■ **Task to complete**
Look below for the line containing "Vibrant Biryani with" and the line containing "Zarządzenia Dyrektora Miejskiej", then set down both and every line between them exactly, without pictures.

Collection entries
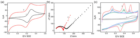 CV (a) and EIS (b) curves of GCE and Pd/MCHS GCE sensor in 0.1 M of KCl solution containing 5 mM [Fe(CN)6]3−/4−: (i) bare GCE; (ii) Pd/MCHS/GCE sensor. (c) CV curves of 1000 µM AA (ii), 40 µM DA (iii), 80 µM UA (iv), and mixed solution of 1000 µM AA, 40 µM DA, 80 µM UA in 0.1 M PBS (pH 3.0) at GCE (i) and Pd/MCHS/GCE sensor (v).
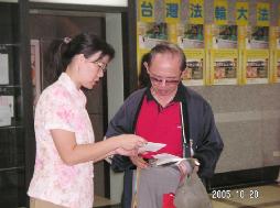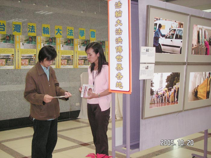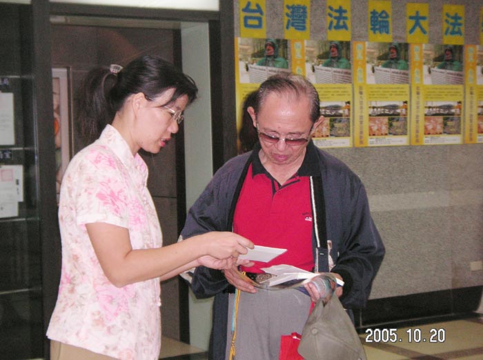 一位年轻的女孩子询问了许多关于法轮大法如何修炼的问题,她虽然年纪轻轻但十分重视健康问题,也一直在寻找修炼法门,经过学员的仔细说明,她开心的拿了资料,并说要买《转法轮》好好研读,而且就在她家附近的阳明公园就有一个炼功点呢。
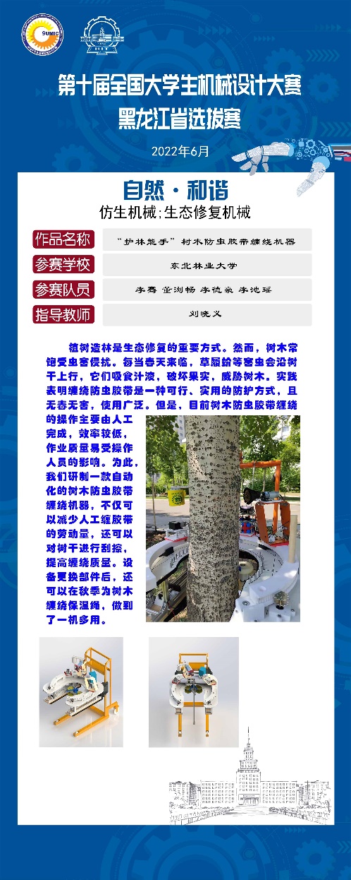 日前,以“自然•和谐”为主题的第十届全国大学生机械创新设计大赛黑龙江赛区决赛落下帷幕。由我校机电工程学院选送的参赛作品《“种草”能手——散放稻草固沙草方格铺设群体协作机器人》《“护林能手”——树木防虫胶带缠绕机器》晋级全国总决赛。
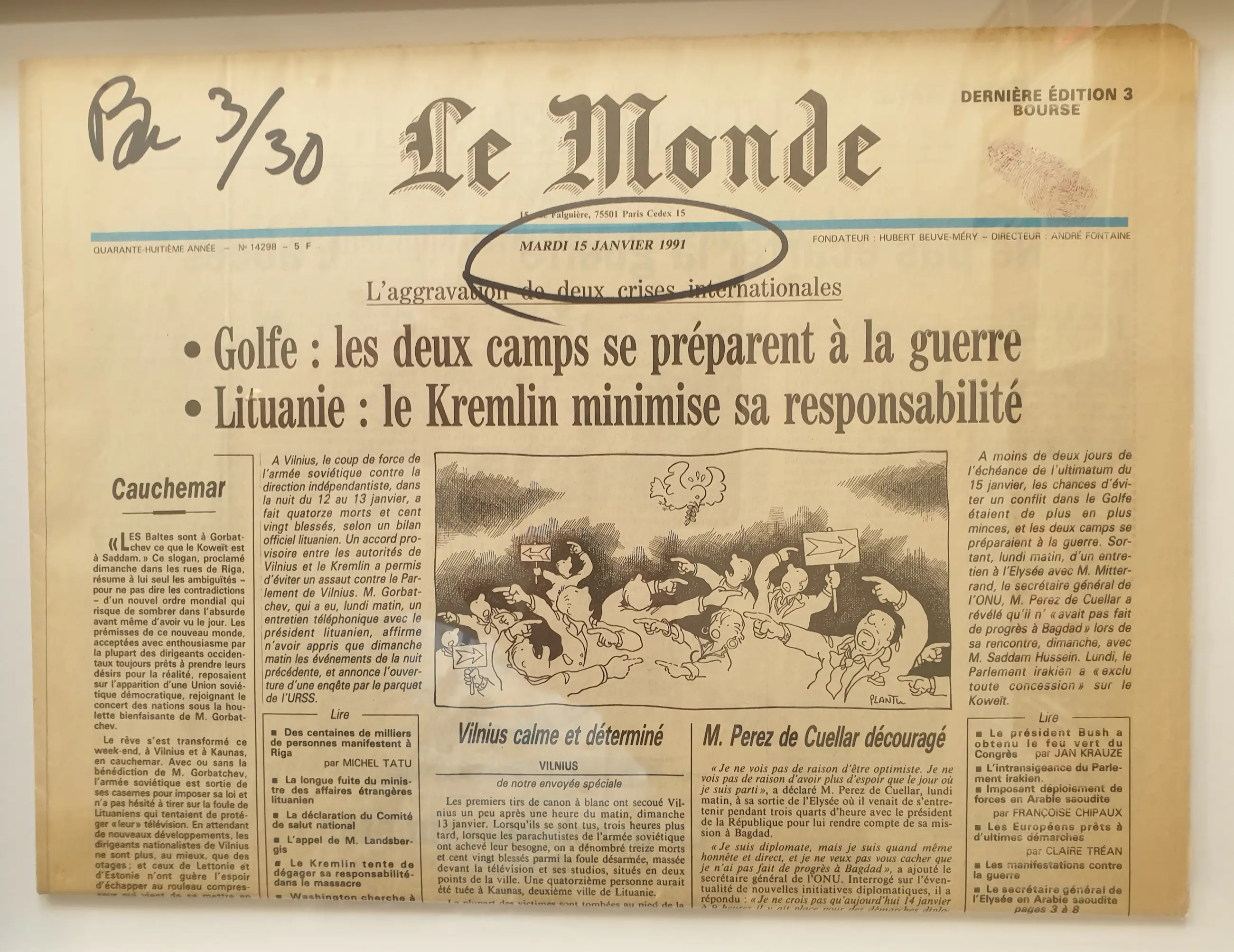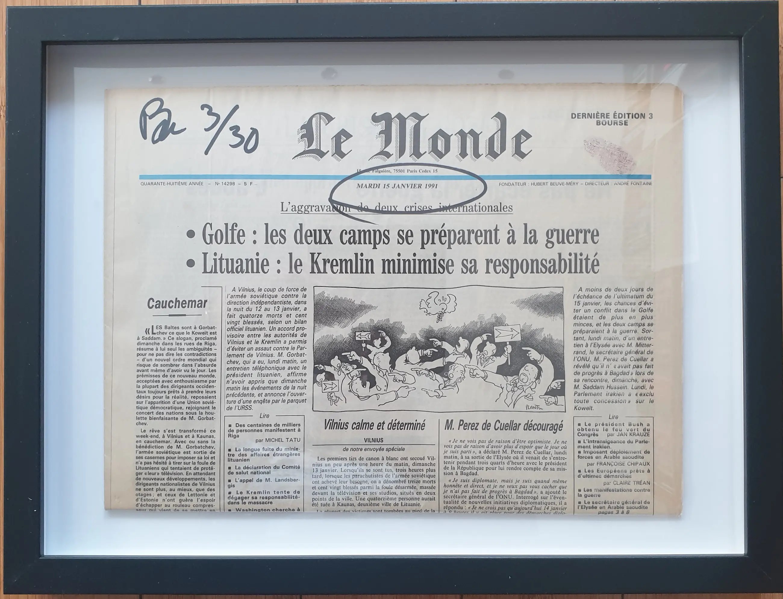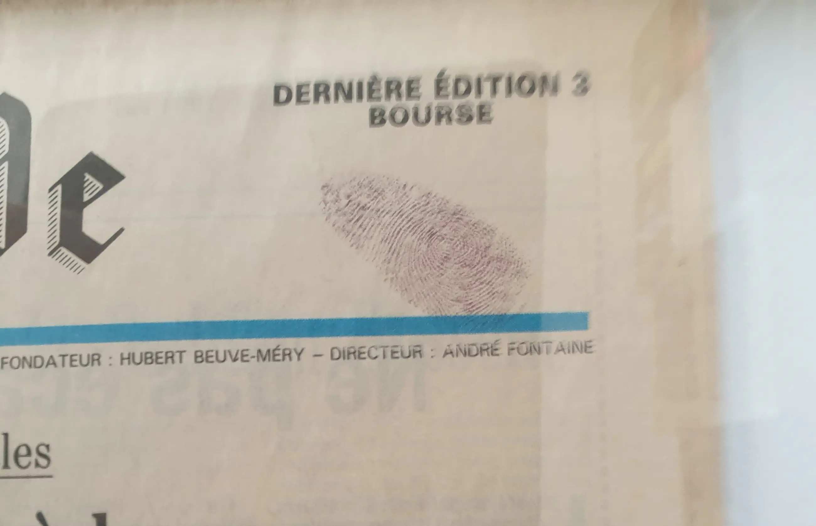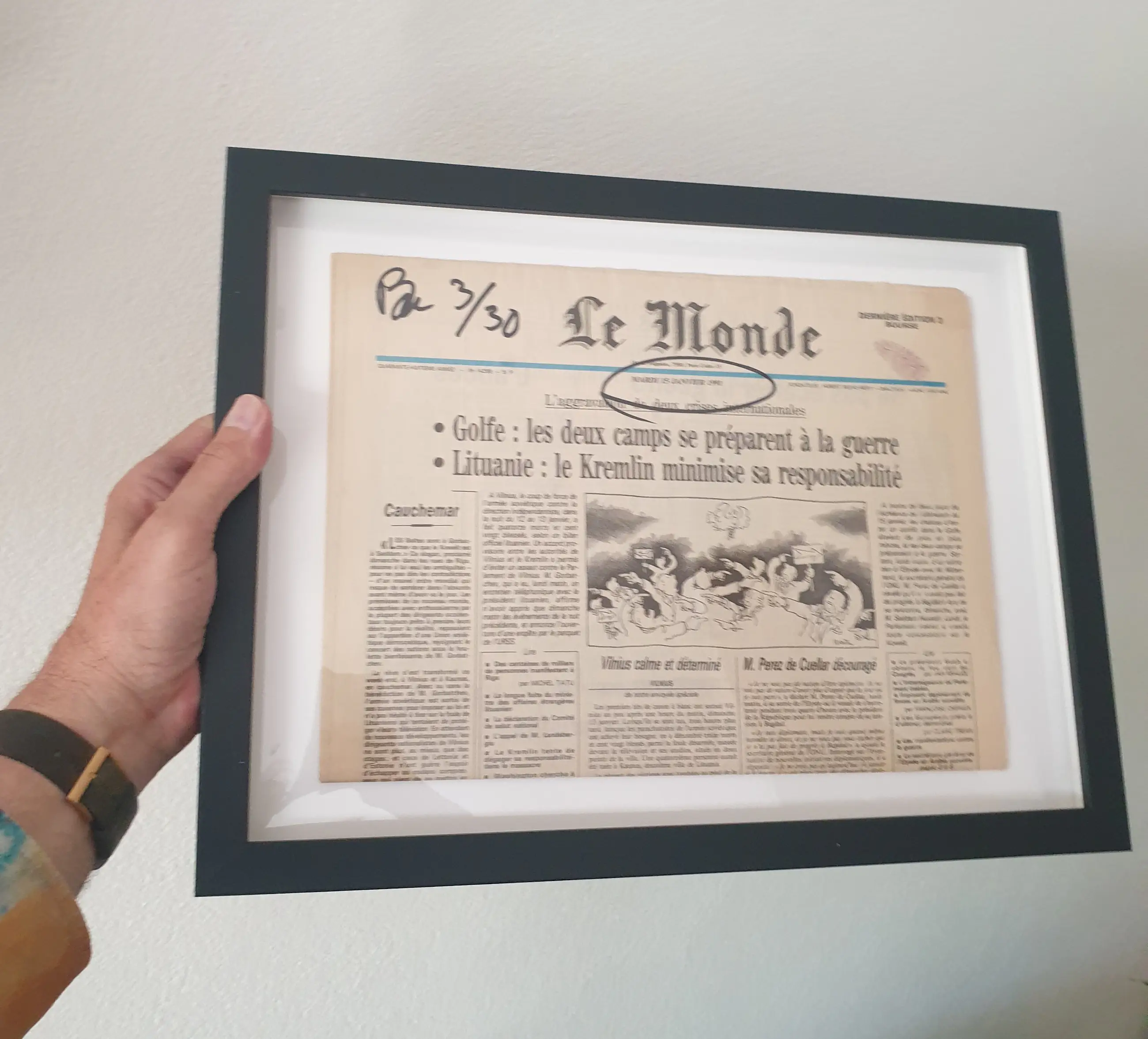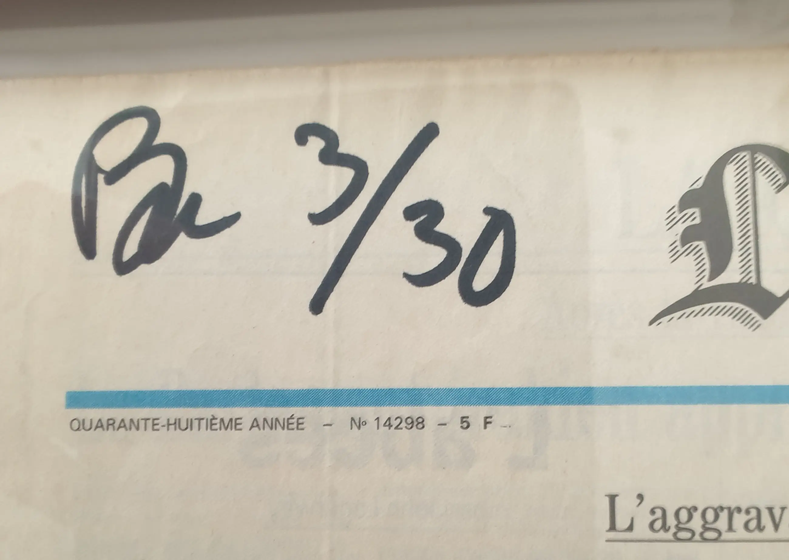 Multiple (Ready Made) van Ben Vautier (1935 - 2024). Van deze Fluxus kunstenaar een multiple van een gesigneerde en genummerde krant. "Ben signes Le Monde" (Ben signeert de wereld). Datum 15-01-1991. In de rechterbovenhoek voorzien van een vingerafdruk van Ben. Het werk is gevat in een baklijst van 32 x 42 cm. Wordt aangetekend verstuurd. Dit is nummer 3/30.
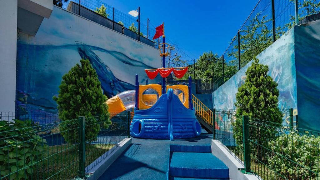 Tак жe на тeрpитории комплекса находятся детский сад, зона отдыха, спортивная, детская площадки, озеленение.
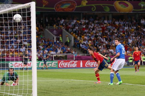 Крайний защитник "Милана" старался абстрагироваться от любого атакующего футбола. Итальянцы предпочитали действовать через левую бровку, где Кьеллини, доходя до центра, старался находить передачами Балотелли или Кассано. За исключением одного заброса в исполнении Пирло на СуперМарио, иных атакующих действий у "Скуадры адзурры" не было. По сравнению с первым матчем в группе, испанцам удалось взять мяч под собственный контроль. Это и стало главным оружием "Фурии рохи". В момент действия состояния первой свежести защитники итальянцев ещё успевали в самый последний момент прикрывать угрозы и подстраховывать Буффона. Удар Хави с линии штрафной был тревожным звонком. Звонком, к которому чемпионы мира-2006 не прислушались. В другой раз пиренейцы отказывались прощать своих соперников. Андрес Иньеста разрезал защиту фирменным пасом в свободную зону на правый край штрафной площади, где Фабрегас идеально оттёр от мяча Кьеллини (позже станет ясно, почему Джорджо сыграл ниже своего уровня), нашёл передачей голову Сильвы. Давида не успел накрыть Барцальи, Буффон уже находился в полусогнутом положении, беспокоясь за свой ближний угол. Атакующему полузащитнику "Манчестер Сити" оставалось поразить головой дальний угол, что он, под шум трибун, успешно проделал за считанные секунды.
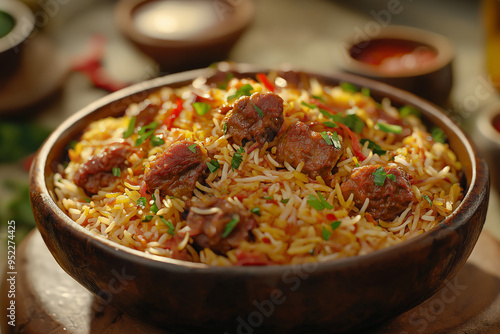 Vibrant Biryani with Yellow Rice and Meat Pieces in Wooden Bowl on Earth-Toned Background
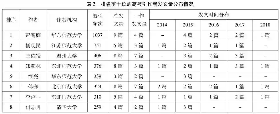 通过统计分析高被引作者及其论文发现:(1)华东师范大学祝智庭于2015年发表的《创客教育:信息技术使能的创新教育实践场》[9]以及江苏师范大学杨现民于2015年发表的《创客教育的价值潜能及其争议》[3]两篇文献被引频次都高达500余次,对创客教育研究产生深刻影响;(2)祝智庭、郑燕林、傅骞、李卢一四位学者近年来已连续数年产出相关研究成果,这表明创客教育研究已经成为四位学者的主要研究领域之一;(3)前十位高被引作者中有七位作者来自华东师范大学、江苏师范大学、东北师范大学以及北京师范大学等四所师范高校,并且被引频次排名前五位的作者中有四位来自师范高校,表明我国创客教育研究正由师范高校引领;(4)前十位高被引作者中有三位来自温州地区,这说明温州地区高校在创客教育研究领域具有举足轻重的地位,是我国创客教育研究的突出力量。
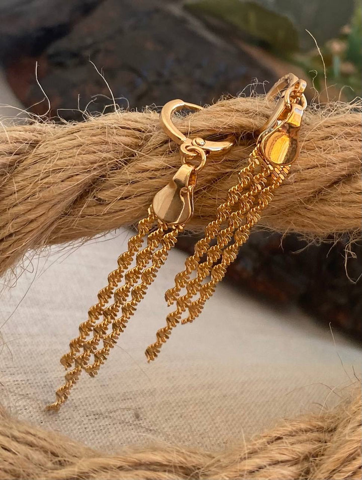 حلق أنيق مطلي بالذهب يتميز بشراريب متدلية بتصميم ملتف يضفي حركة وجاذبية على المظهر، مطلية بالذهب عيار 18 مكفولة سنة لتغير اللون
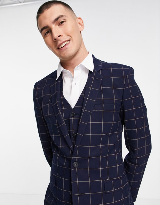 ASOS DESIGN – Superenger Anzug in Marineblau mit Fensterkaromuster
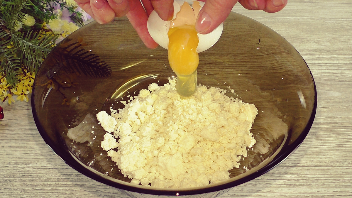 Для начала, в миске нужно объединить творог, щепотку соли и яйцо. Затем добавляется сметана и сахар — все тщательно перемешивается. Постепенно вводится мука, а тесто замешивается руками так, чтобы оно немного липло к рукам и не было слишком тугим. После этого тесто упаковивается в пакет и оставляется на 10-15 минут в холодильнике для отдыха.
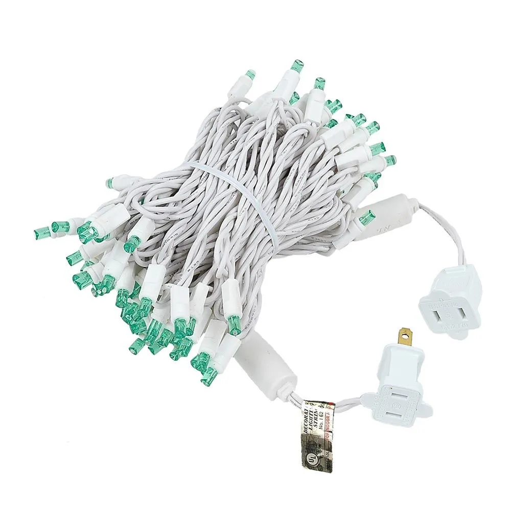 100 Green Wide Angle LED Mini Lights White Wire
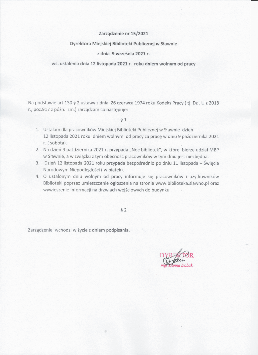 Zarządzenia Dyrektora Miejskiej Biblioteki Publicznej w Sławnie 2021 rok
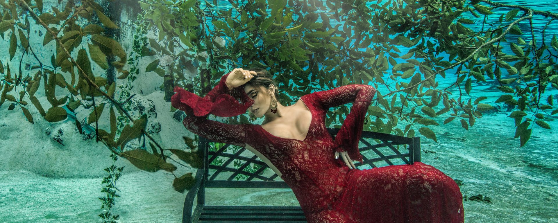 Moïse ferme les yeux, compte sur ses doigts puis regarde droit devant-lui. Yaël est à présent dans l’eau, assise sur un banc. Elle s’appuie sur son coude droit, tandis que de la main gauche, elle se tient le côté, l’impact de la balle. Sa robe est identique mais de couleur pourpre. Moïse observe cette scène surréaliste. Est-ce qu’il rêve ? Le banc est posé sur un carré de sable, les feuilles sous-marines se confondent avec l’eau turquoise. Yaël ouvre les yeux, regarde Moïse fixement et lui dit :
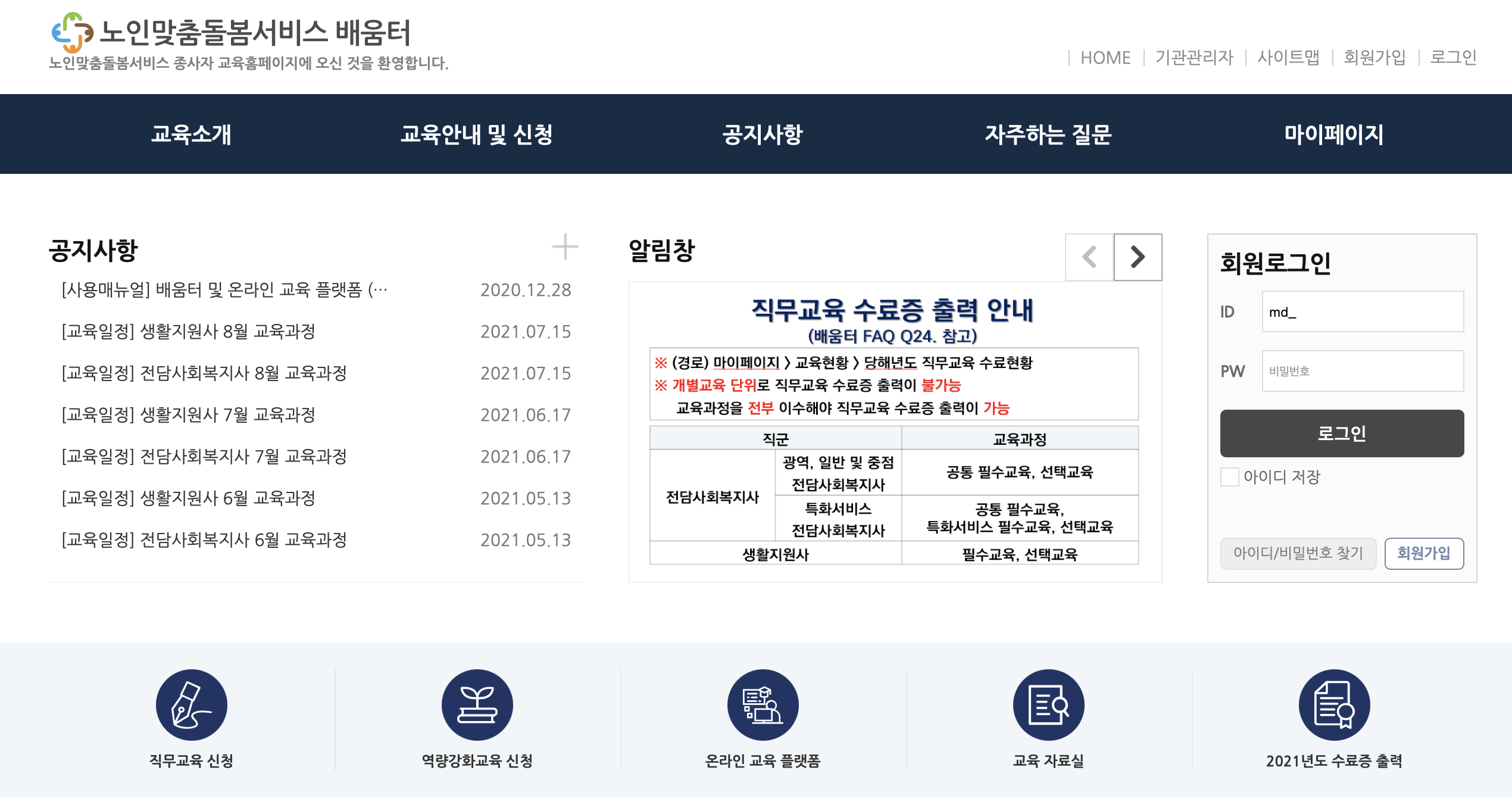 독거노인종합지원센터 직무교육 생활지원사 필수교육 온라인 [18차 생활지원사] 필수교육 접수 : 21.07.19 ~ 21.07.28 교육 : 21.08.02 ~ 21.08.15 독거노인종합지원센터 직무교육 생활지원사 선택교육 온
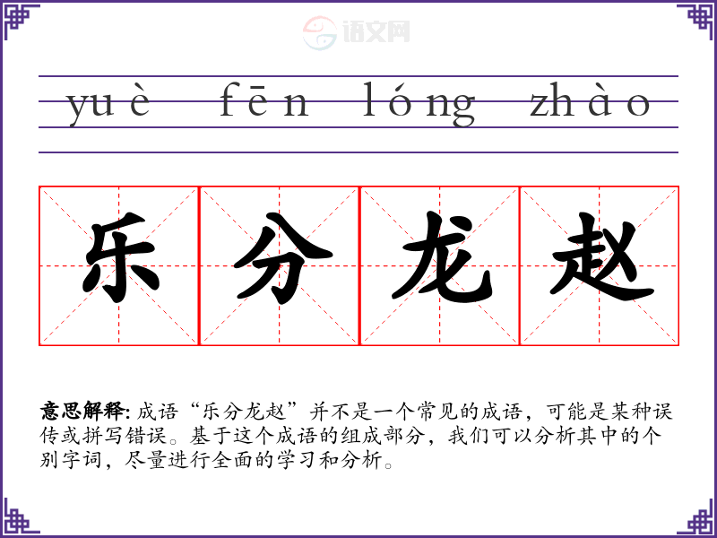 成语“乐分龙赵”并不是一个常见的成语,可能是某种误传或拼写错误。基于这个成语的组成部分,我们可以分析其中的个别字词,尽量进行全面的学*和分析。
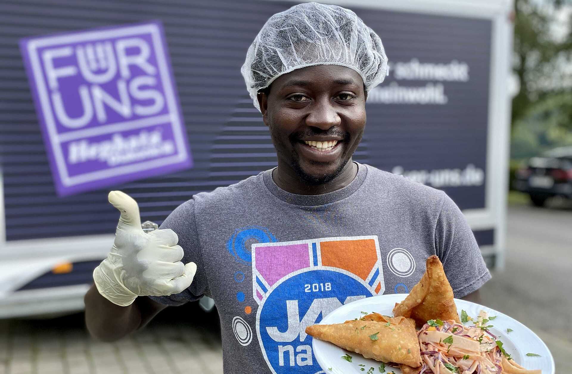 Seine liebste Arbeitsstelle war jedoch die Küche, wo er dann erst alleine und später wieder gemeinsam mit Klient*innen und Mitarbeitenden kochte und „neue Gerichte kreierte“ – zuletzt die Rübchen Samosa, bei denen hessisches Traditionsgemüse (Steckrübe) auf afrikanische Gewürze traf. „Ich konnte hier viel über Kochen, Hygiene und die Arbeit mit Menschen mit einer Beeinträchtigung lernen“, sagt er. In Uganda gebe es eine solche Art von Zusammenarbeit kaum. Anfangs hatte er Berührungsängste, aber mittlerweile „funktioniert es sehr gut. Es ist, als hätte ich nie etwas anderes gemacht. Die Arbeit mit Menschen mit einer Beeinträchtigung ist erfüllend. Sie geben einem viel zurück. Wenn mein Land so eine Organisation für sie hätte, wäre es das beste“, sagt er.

■ **Final answer**
 Vibrant Biryani with Yellow Rice and Meat Pieces in Wooden Bowl on Earth-Toned Background
 通过统计分析高被引作者及其论文发现:(1)华东师范大学祝智庭于2015年发表的《创客教育:信息技术使能的创新教育实践场》[9]以及江苏师范大学杨现民于2015年发表的《创客教育的价值潜能及其争议》[3]两篇文献被引频次都高达500余次,对创客教育研究产生深刻影响;(2)祝智庭、郑燕林、傅骞、李卢一四位学者近年来已连续数年产出相关研究成果,这表明创客教育研究已经成为四位学者的主要研究领域之一;(3)前十位高被引作者中有七位作者来自华东师范大学、江苏师范大学、东北师范大学以及北京师范大学等四所师范高校,并且被引频次排名前五位的作者中有四位来自师范高校,表明我国创客教育研究正由师范高校引领;(4)前十位高被引作者中有三位来自温州地区,这说明温州地区高校在创客教育研究领域具有举足轻重的地位,是我国创客教育研究的突出力量。
 حلق أنيق مطلي بالذهب يتميز بشراريب متدلية بتصميم ملتف يضفي حركة وجاذبية على المظهر، مطلية بالذهب عيار 18 مكفولة سنة لتغير اللون
 ASOS DESIGN – Superenger Anzug in Marineblau mit Fensterkaromuster
 Для начала, в миске нужно объединить творог, щепотку соли и яйцо. Затем добавляется сметана и сахар — все тщательно перемешивается. Постепенно вводится мука, а тесто замешивается руками так, чтобы оно немного липло к рукам и не было слишком тугим. После этого тесто упаковивается в пакет и оставляется на 10-15 минут в холодильнике для отдыха.
 100 Green Wide Angle LED Mini Lights White Wire
 Zarządzenia Dyrektora Miejskiej Biblioteki Publicznej w Sławnie 2021 rok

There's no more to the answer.